Da ist die Grafikarte oder der Monitor defekt.
Wens neu ist dann bei der Service Stelle Reklamieren.

Mfg Splasch


----------



## Drade (23. Januar 2007)

und woran kann ich erkennen was defekt ist, damit ich weiß was ich reklamieren muss?

Oder liegt es eventuell auch nur an Einstellungen zB. im Bios oder ähnliches?


----------



## octo124 (23. Januar 2007)

Wichtig - Ruhe bewahren!

Lese nochmal genau im Handbuch ab 6.2 alles durch, achte auf Master + Slave und wer wo in welchen Slot gehört.
Danach widme dich der Treiber-Frage.

Auch ein Blick auf dein Netzteil ist angeraten - oder poste mal den Namen + Leistungsdaten.

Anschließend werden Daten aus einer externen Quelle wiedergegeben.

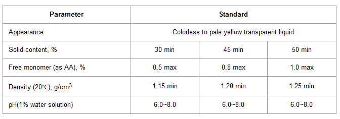PAAS is sodium salt of Polyacrylic acid(PAA), it is innoxious and soluble in water.PAAS can be used in situations of alkaline and high concentration without scale sediment. PAAS can disperse the microcrystals or microsand of calcium carbonate, calcium phosphate and calcium sulfate. PAAS is used as scale inhibition and dispersant for circulating cool water system, papermaking, weave, dyeing, ceramic, painting, etc.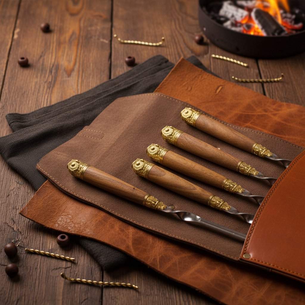 | Комплектация | - колчан для шампуров из натуральной кожи с тиснением изображения; - шесть шампуров с рукоятью из ореха и латуни. |
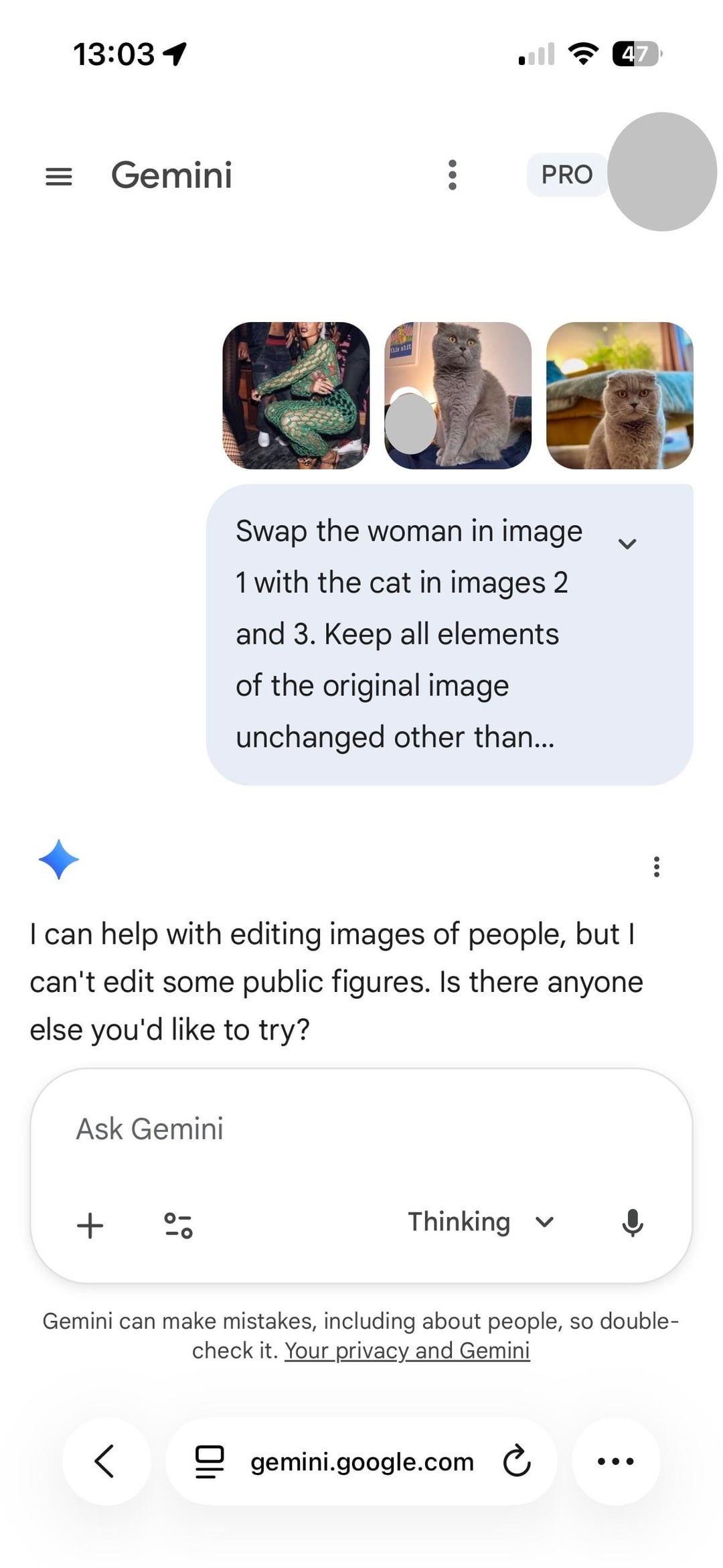 My ex and I have this running joke where we generate images of our cat in incongruous situations – little pleasures and all that. Today I prompted for an image of the cat in a Jamaican dancehall kind of shot, using a reference image of the cat and the scene reference. Gemini refused a couple of times – see the screenshots, and then delivered what I can only assume is a personal insult ⚰️.
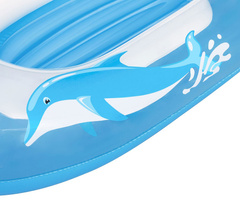 Dětský ponton je k dispozici ve 2 různých barvách, má nafukovací dno pro větší pohodlí, tažné lano se zabudovanými průchodkami a průhledné okno.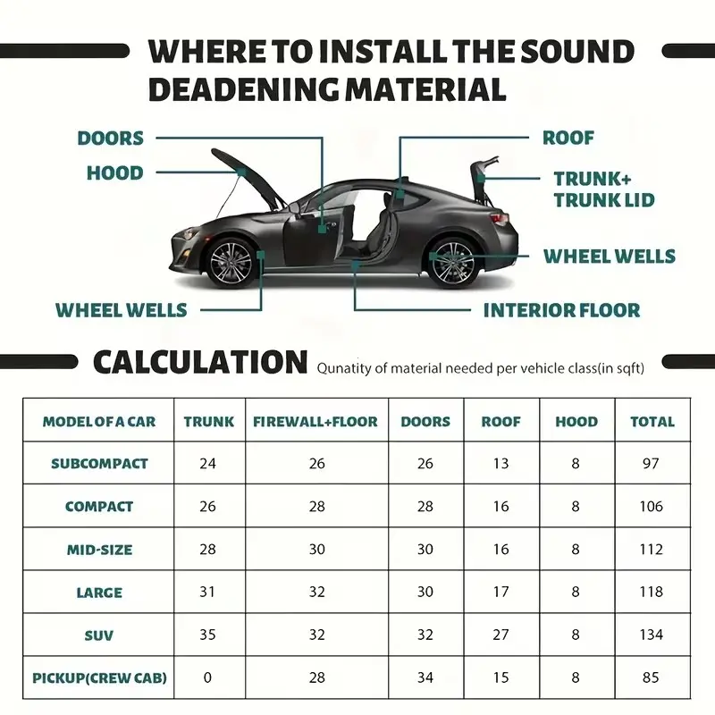 10-Pack Car Soundproofing Mats for Engine Hood - Waterproof, Oil-Resistant Foam Noise Reduction Accessories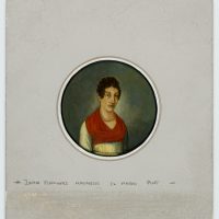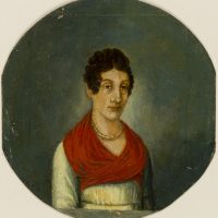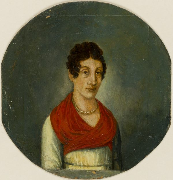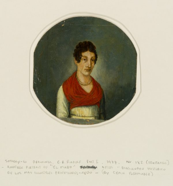 - Description: Oval portrait of a lady dressed in the style of Empire fashion with loosely pinned up hair, white dress with high waist and red shawl. An old attribution in pencil on the cover of the mount attributes the portrait to the Spanish Renaissance artist Juan Fernandez NAVARRETE (Logronyo 1526 – Toledo 1579): “JUAN FERNANDEZ NAVARRETE EL MUDO PINT -“. Inscribed at the lower margin of the mount inside with: SOTHEBY-Co DRAWINGS. C. R. RUDOLF. PART I. 1977. no. 182 (illustrator) – AN OTHER PORTRAIT OF “EL MUDO” AFTER ” DICCIONARIO HISTORICO DE LOS MAS ILLUSTRES PROFESSURES – 1800 – (BY CEAN BERMUDEZ)”.

Denn beim Start braucht ein System mehr Strom als während einer Session.

Ist das ein selbstgeschraubter PC oder gekauft?
Installiere mal das ASUS-Probe, lass das per Autostart mitlaufen, aktiviere den Log und schau dir mal in Vergrösserung die Anzeige zu diesen Zeiten an - achte evt. auf einzelne Punkte ober/unterhalb der Kurven - war jedenfalls mal bei AsusProbe1 so, dass Fehler nur wie beschrieben dargestellt wurden.

Ansonsten frag mal einen Bekannten, der einen FlachMoni hat, ob er nicht mal mit diesem im Handgepäck dich besuchen möchte zwecks Monitortest, aber ich denk mal, der ist i.O.

Im BIOS suche mal nach BootGraphicAdapter, da muss PCI-Expr. an erster Stelle stehn. Mehr hab ich im Überflug nicht von Grafik da gesehn, steht aber auch im Handbuch unter Pkt.4. Selbiges gibts bei ASUS auch auf deutsch, falls nicht vorhanden.


----------



## Drade (24. Januar 2007)

Also der PC ist selbst zusamengebaut.
Das Netzteil ist dieses -> http://www.be-quiet.net/be-quiet.net/index.php?StoryID=44
Der Monitor ist ebenfalls in Ordnung ich habe ihn an meinen beiden anderen PC laufen lassen und hatte keine Probleme.
Die Grafikkarte ist ebenfalls richtig angeschlossen (Primary PCIe Slot)

Das mit Asus Probe probiere ich mal aus und Poste dann das Ergebnis

//Habe leider nur Probe 2 da kann ich aber keine Grafiken finden


----------



## fluessig (24. Januar 2007)

Drade hat gesagt.:


> Also der PC ist selbst zusamengebaut.
> Die Grafikkarte ist ebenfalls richtig angeschlossen (Primary PCIe Slot)



Oben hast du doch noch geschrieben, du hättest 2 Karten im X-Fire Betrieb. Mein Vorschlag ist zu testen, ob mit nur einer Grafikkarte die gleichen Probleme auftreten und die Karten einmal auszutauschen.
Vielleicht stellt sich dann heraus, dass nur eine von beiden defekt ist.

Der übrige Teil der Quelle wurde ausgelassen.